→ TASK REQUIREMENTS
Pictures excluded, please retype exactly the lines from the start of the data through the line that contains "彭冰冰教授在权威期刊《马克思", both ends kept, and nothing beyond them.

→ PROVIDED MATERIAL
•••••

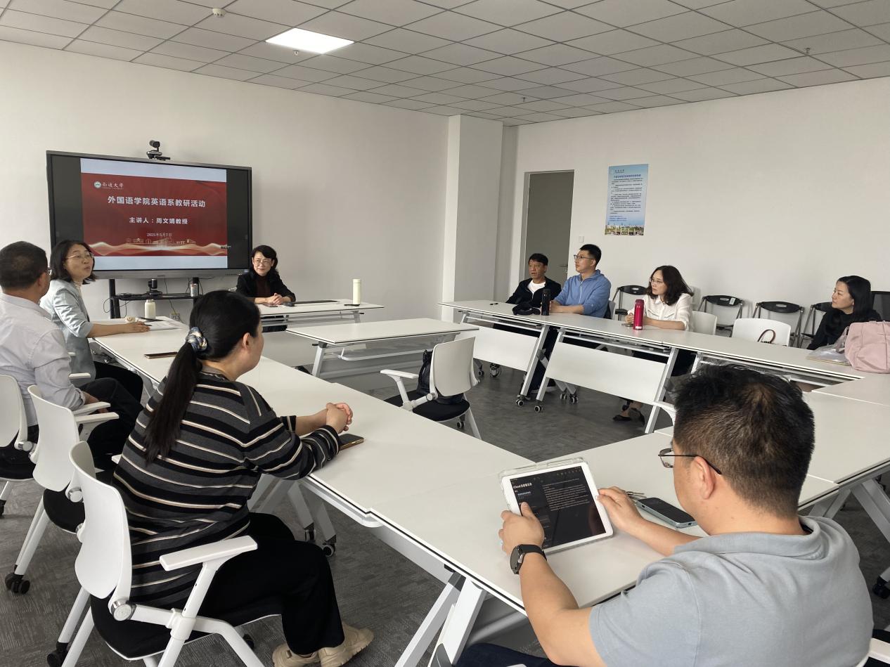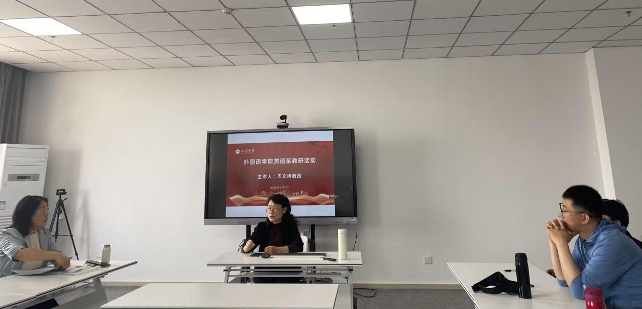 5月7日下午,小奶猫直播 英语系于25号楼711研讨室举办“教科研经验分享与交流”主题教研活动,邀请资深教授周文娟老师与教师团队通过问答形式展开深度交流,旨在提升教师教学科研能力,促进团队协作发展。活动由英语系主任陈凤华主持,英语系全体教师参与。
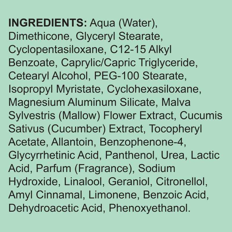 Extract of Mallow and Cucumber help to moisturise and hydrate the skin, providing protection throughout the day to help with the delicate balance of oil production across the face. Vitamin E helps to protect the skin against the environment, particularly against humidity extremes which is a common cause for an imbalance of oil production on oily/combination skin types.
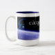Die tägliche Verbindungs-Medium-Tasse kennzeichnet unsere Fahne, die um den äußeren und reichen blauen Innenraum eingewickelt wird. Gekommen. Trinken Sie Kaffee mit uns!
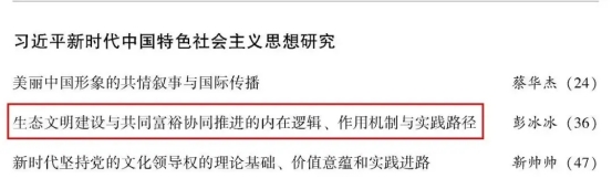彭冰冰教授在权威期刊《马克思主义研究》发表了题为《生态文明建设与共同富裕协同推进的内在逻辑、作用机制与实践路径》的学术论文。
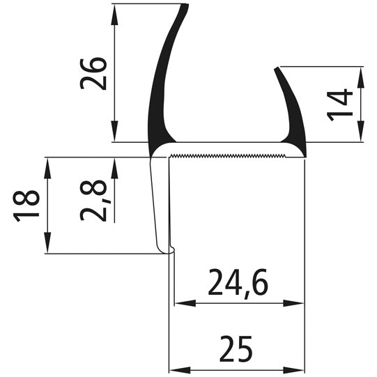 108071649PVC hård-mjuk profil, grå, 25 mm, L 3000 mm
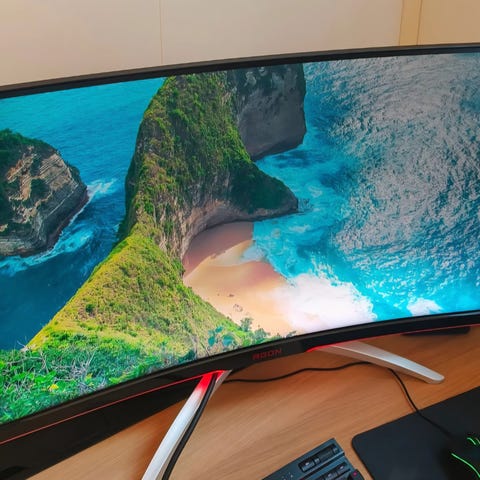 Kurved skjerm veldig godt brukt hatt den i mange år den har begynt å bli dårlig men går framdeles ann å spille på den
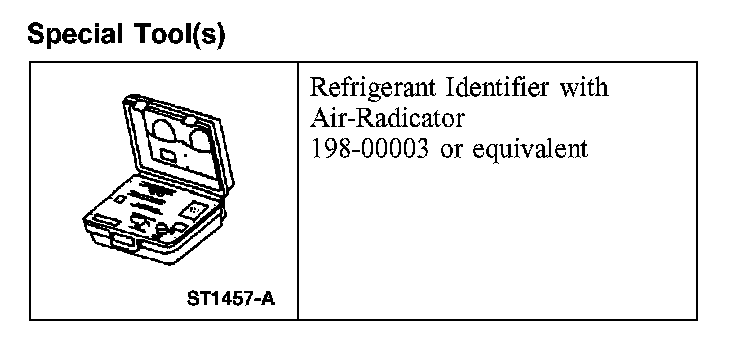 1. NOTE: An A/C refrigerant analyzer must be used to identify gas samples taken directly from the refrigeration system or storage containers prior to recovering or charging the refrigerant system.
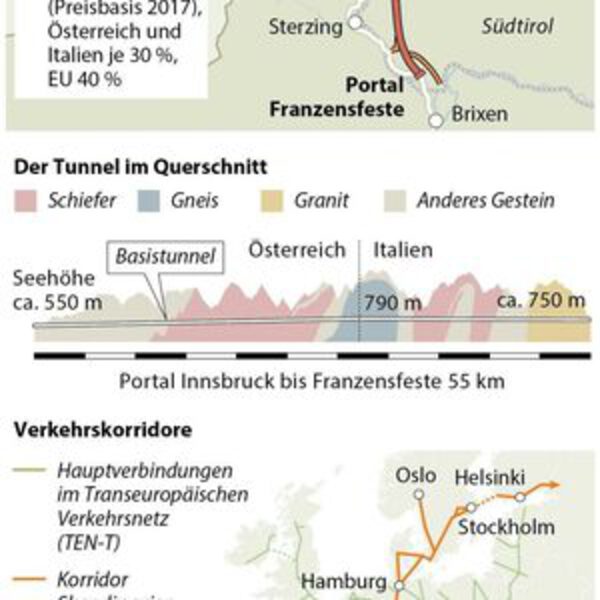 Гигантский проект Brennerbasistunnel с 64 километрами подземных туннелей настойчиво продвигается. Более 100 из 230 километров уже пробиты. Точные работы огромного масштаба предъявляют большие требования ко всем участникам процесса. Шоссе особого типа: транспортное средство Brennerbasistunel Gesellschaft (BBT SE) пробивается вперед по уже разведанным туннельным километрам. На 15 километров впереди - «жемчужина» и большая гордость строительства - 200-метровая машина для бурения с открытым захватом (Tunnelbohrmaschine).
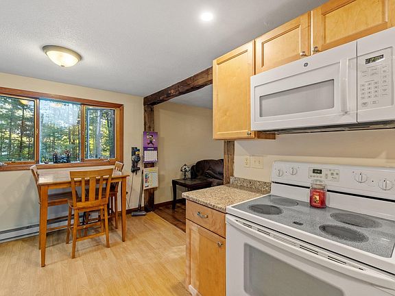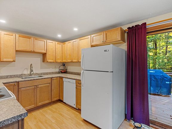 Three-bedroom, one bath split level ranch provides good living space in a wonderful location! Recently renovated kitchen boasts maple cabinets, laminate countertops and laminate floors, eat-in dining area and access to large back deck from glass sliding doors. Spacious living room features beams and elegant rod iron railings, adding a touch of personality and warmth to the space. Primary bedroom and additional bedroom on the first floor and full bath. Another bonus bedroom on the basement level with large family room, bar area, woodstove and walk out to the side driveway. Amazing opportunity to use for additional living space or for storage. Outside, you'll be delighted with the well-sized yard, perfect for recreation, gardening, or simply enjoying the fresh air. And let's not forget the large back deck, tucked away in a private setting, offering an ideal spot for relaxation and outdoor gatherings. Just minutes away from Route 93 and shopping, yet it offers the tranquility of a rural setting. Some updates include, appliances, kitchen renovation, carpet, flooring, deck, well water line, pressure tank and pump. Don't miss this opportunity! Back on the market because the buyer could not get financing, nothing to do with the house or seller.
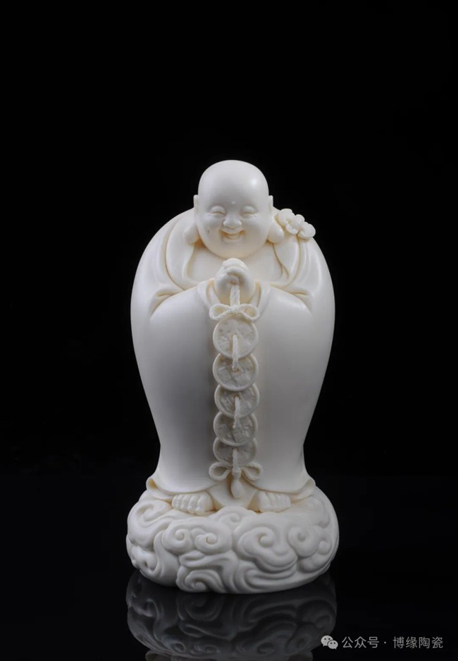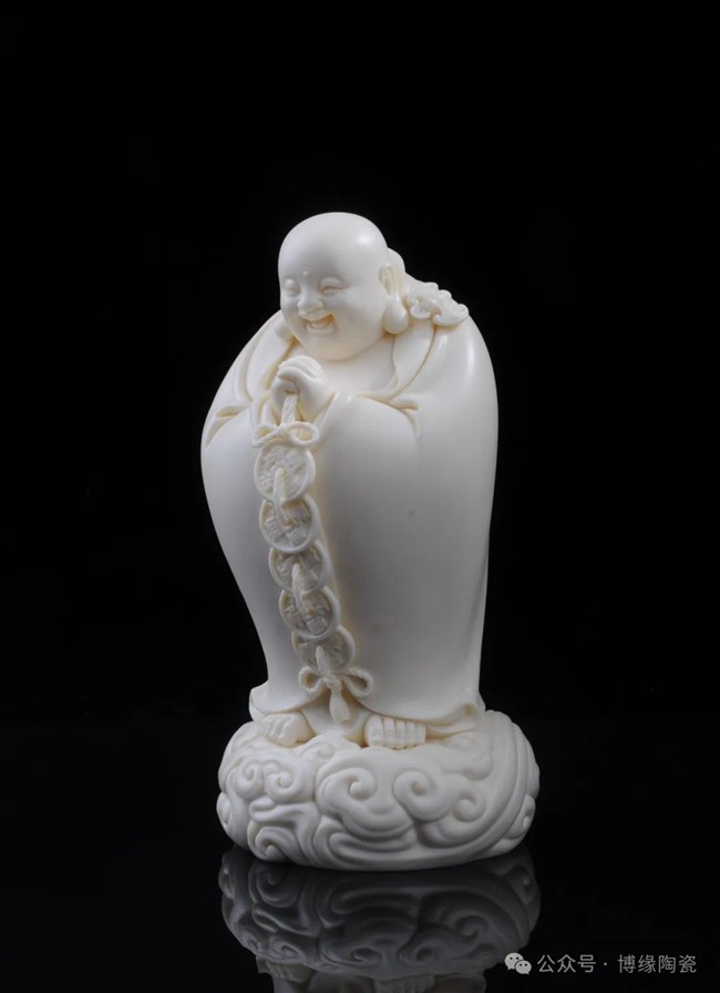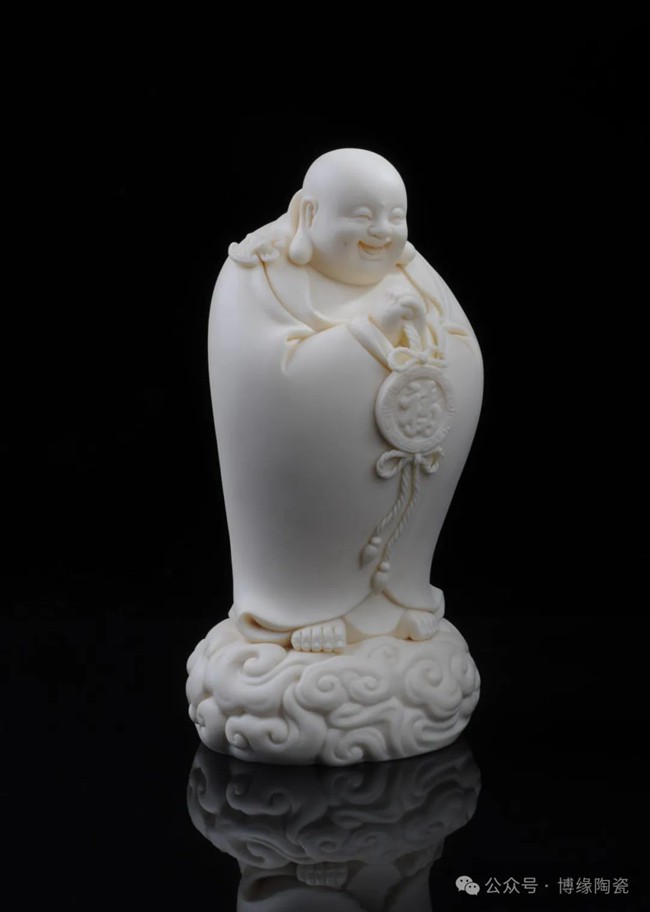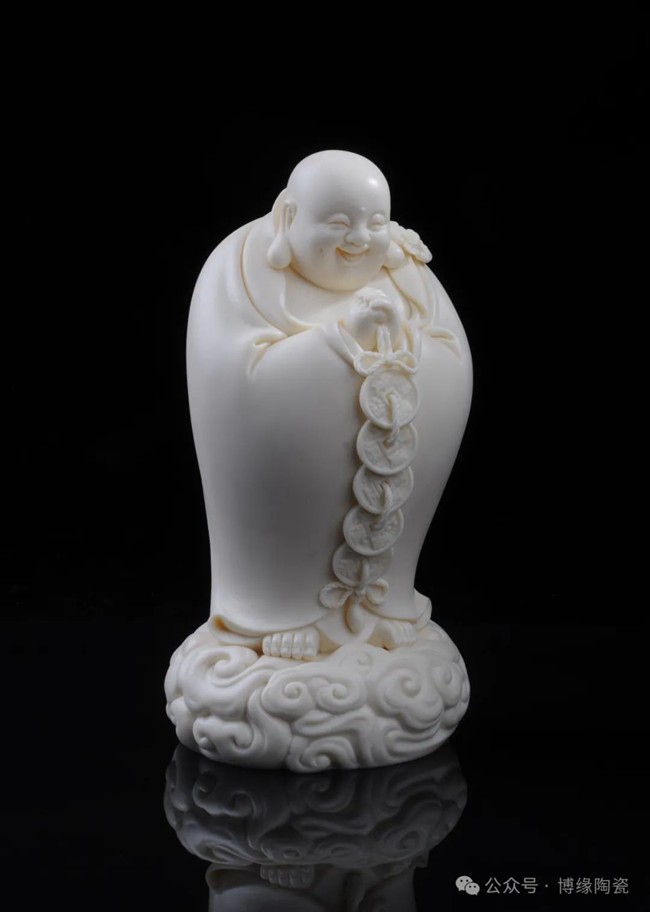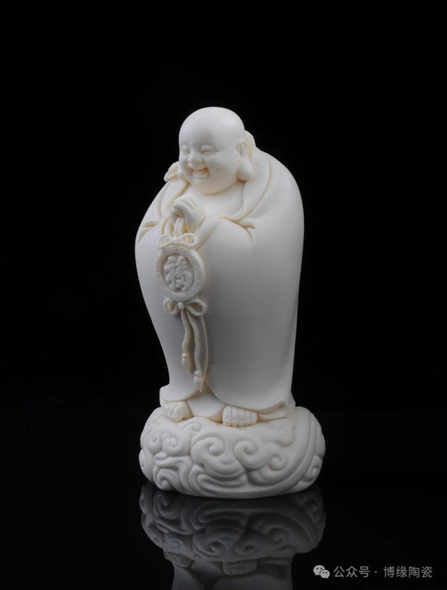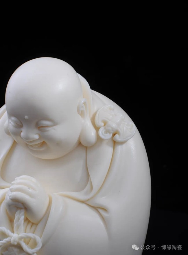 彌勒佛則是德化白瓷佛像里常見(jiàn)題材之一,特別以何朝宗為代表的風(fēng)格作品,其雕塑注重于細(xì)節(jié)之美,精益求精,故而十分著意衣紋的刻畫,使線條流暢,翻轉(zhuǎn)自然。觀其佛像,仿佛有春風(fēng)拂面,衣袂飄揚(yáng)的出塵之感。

•••••

→ SOLVED PROBLEM
 5月7日下午,小奶猫直播 英语系于25号楼711研讨室举办“教科研经验分享与交流”主题教研活动,邀请资深教授周文娟老师与教师团队通过问答形式展开深度交流,旨在提升教师教学科研能力,促进团队协作发展。活动由英语系主任陈凤华主持,英语系全体教师参与。
 Extract of Mallow and Cucumber help to moisturise and hydrate the skin, providing protection throughout the day to help with the delicate balance of oil production across the face. Vitamin E helps to protect the skin against the environment, particularly against humidity extremes which is a common cause for an imbalance of oil production on oily/combination skin types.
Die tägliche Verbindungs-Medium-Tasse kennzeichnet unsere Fahne, die um den äußeren und reichen blauen Innenraum eingewickelt wird. Gekommen. Trinken Sie Kaffee mit uns!
彭冰冰教授在权威期刊《马克思主义研究》发表了题为《生态文明建设与共同富裕协同推进的内在逻辑、作用机制与实践路径》的学术论文。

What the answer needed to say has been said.